Na atividade 2 os licenciandos, em grupo de três componentes, executarão uma
atividade de Geometria no nível do Ensino Fundamental. Mas a proposta é que dentre os três
componentes, um terá seu campo visual temporariamente interrompido (aluno A), outro
poderá ver, mas não poderá falar (aluno B) e o terceiro será o observador (aluno C), filmando
ou descrevendo a atuação dos outros. A atividade 3 é semelhante a atividade 2, mas a
atividade de Geometria será no nível do Ensino Médio e na atividade 4 os licenciandos serão
divididos em grupos de até quatro componentes. Cada grupo deverá elaborar ou criar uma
atividade de ensino de Geometria para uma turma fictícia de alunos com restrições,
estabelecida pela pesquisadora, destacando aspectos importantes sobre inclusão.
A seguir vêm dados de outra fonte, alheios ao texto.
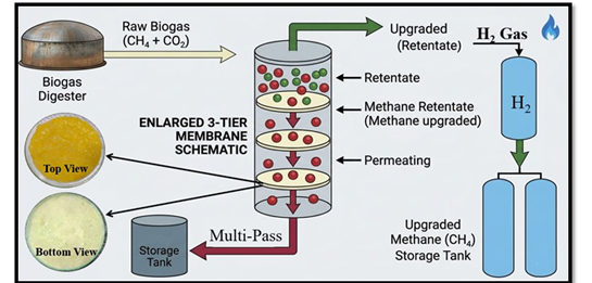 Biogas yield enhancement was achieved through membrane-based upgrading of raw biogas (primarily CH₄ and CO₂ along with other trace gases and impurities) using a multi-stage separation approach to improve methane concentration and overall fuel quality. The raw biogas was passed through a 3-tier membrane system, where CO₂ and other undesirable components selectively permeated as the rejected stream, while CH₄ was retained as the enriched gas fraction. The implementation of a multi-pass configuration significantly improved separation efficiency, leading to enhanced methane purity and increased effective biogas yield. The continuous removal of CO₂ and impurities reduced dilution effects and improved the calorific value of the final gas stream. The upgraded methane was subsequently collected and stored, with hydrogen (H₂) observed as a minor byproduct. Overall, the process results in a substantial increase in usable biogas output by enriching CH₄ content, thereby improving energy efficiency and suitability for practical applications.

Nosso
objetivo com estas atividades é levantar as concepções sobre aprendizagem de geometria
dos alunos com deficiência e as diferentes formas de mediação encontradas pelos futuros
professores para resolverem um problema de geometria, quando um dos sentidos está
temporariamente interrompido.
Todas as atividades devem ser gravadas em áudio e/ou vídeo para posterior
transcrição e análise das dificuldades enfrentadas, estratégias sugeridas e concepções
emergentes sobre o ensino e aprendizagem de geometria.
CONSIDERAÇÕES FINAIS
Estamos na fase de elaboração do curso da disciplina Educação Matemática Geometria, incluindo as atividades que servirão para coleta dos dados e buscando a
metodologia que seja mais adequada para análise dos dados, visando alcançar nossos
objetivos.
No entanto, a relevância deste trabalho se deve ao fato de ser uma resposta aos
anseios dos professores em serviço sobre sua formação quanto à inclusão de alunos com
necessidades especiais. Não temos a pretensão de afirmar que os participantes do curso se
passarão a se sentir preparados para atuarem numa sala de aula inclusiva, ou se algum dia
poderemos afirmar estar preparados. Mas acreditamos que os cursos de licenciatura precisam
reformular seu currículo de modo a levar os futuros professores a pensarem no ensino e
aprendizagem da matemática considerando a diversidade dos alunos e os desafios que
surgem na sala de aula.
É claro que os reflexos desta pesquisa não serão notados imediatamente na sociedade,
mas é um ponto de partida para que tenhamos uma formação do professor de matemática
numa perspectiva inclusiva, de modo que os futuros professores possam tornar suas salas de
aula um ambiente mais inclusivo, onde todos os alunos, com ou sem necessidades especiais,
tenham acesso ao conhecimento matemático.